### EXERCISE DIRECTIONS
Print exactly the first lines of the records. Stop after the line containing "韩国黑色丝绒蝴蝶结发夹发圈秋冬款复古侧边夹刘海夹简约皮筋发绳", and leave every picture out.
BEGIN
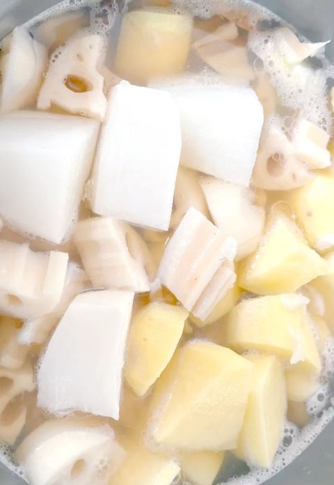2. 莲藕洗净削皮,切成大小均匀的滚刀块;土豆和白萝卜同样处理,切成与莲藕相似的滚刀块(避免炖煮时大小不一导致成熟度不均)。
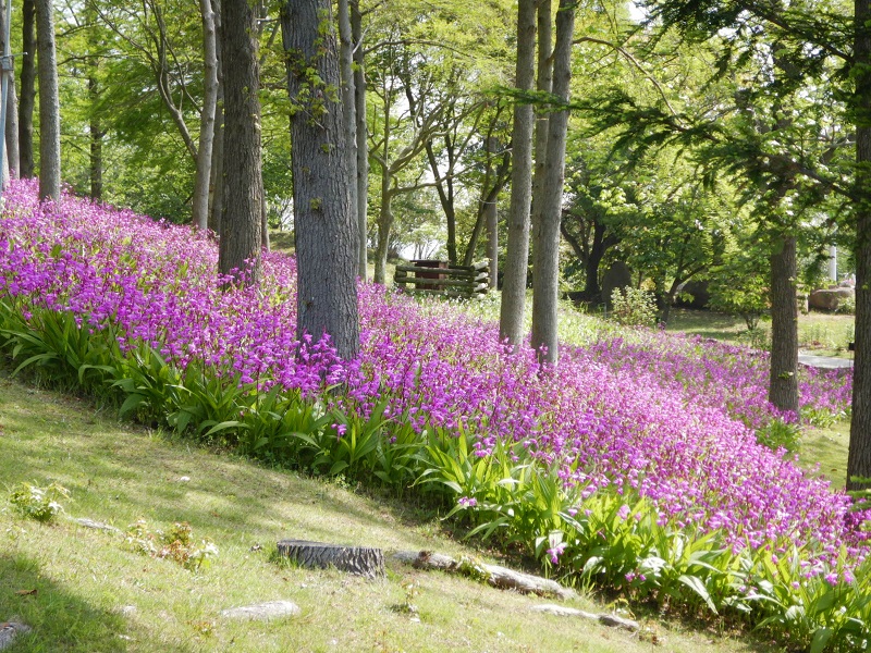 紫色の花が群生しています。この写真では伝えられないくらい、赤紫色がとってもきれいなんですよ。
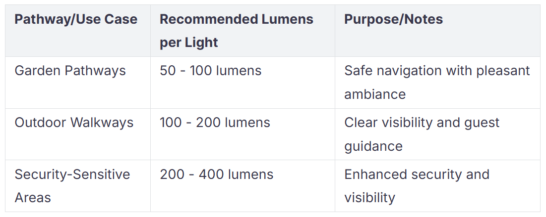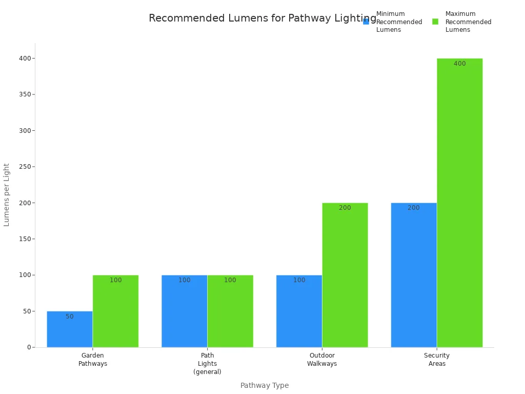 สิ่งสำคัญคือต้องมีเส้นทางที่ปลอดภัยด้านนอก ไฟส่องสว่างทางเดินช่วยให้ผู้คนเห็นว่าควรเดินไปที่ไหน นอกจากนี้ยังหยุดการเดินทางและการตก สำหรับทางเดินในสวน ให้ใช้ไฟส่องสว่าง 50–100 ลูเมน ทางเดินต้องใช้แสงสว่าง 100–200 ลูเมน หากคุณต้องการความปลอดภัยมากขึ้น ให้ใช้ความสว่าง 200–400 ลูเมนต่อไฟ วางไฟ LED กลางแจ้งให้ห่างกัน 6-8 ฟุตเพื่อให้แสงสว่างสม่ำเสมอ เส้นทางแคบต้องมีแสงไฟอยู่ใกล้กันมากขึ้น ทางเดินกว้างอาจมีแสงสว่างอยู่ห่างจากกัน วางไฟให้สูงจากพื้นดินประมาณ 14 นิ้ว ให้ลำแสงตรงและทำให้เส้นทางดูดี
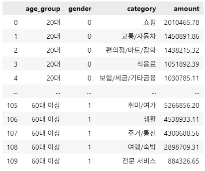 age_group, gender, category])[ amount ].sum()df = merged_clean[['category', 'amount', 'client_id_x', 'current_age', 'gender']]
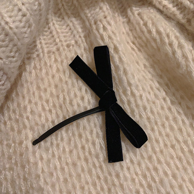 韩国黑色丝绒蝴蝶结发夹发圈秋冬款复古侧边夹刘海夹简约皮筋发绳
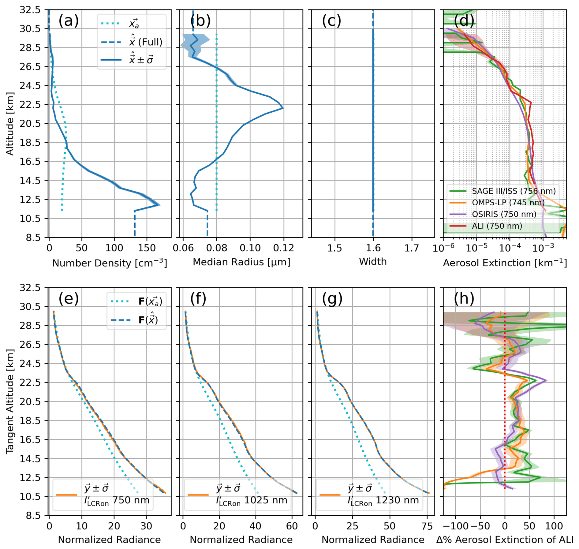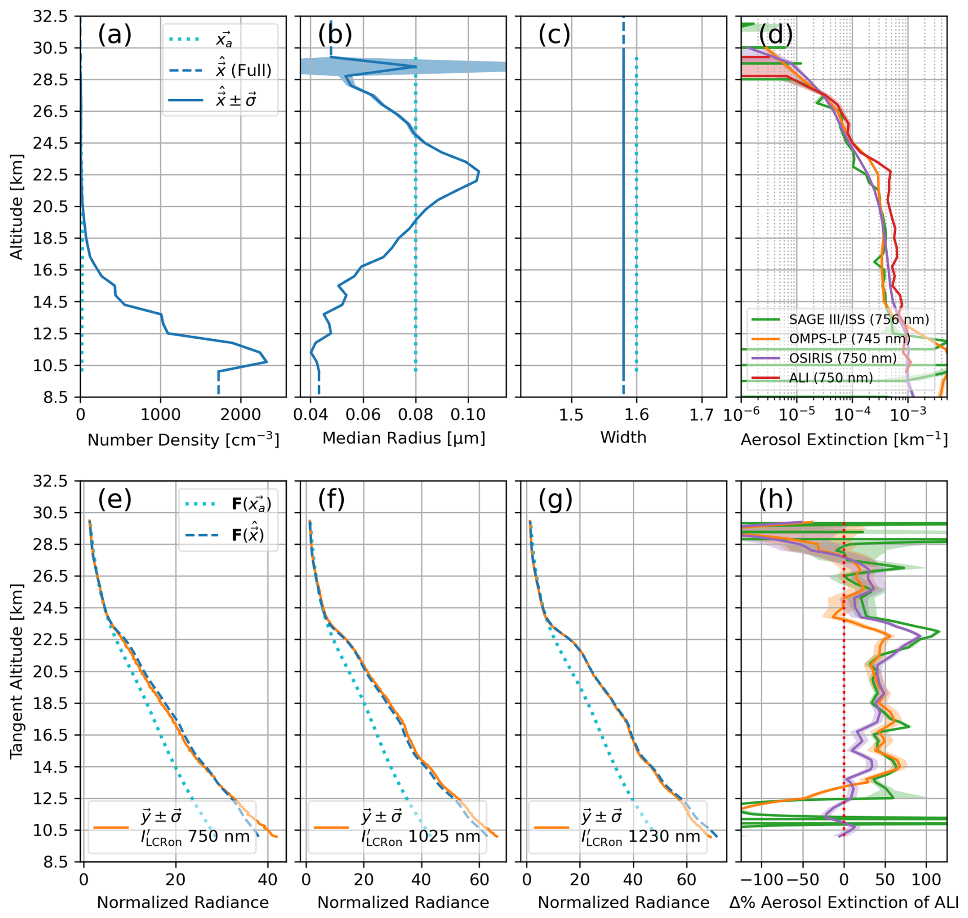 Figure 16Aerosol retrieval of Scan 1 (nominal conditions). (a) Profile of retrieved aerosol number density. (b) Profile of retrieved median radius. (c) Retrieval of scalar width. (d) Retrieved aerosol extinction profile of ALI shown with SAGE III/ISS, OMPS-LP, and OSIRIS. (e–g) Retrieval measurement vectors as described in Fig. 10, noting that the orange is now made from ALI flight observation. Panel (h) shows the agreement of panel (d) as a percent difference of the ALI extinction profile with respect to SAGE III/ISS, OMPS-LP, and OSIRIS extinction. Coloured lines of panel (h) correspond to legend in panel (d).
END
### EXPECTED OUTPUT
2. 莲藕洗净削皮,切成大小均匀的滚刀块;土豆和白萝卜同样处理,切成与莲藕相似的滚刀块(避免炖煮时大小不一导致成熟度不均)。
 紫色の花が群生しています。この写真では伝えられないくらい、赤紫色がとってもきれいなんですよ。
 สิ่งสำคัญคือต้องมีเส้นทางที่ปลอดภัยด้านนอก ไฟส่องสว่างทางเดินช่วยให้ผู้คนเห็นว่าควรเดินไปที่ไหน นอกจากนี้ยังหยุดการเดินทางและการตก สำหรับทางเดินในสวน ให้ใช้ไฟส่องสว่าง 50–100 ลูเมน ทางเดินต้องใช้แสงสว่าง 100–200 ลูเมน หากคุณต้องการความปลอดภัยมากขึ้น ให้ใช้ความสว่าง 200–400 ลูเมนต่อไฟ วางไฟ LED กลางแจ้งให้ห่างกัน 6-8 ฟุตเพื่อให้แสงสว่างสม่ำเสมอ เส้นทางแคบต้องมีแสงไฟอยู่ใกล้กันมากขึ้น ทางเดินกว้างอาจมีแสงสว่างอยู่ห่างจากกัน วางไฟให้สูงจากพื้นดินประมาณ 14 นิ้ว ให้ลำแสงตรงและทำให้เส้นทางดูดี
 age_group, gender, category])[ amount ].sum()df = merged_clean[['category', 'amount', 'client_id_x', 'current_age', 'gender']]
 韩国黑色丝绒蝴蝶结发夹发圈秋冬款复古侧边夹刘海夹简约皮筋发绳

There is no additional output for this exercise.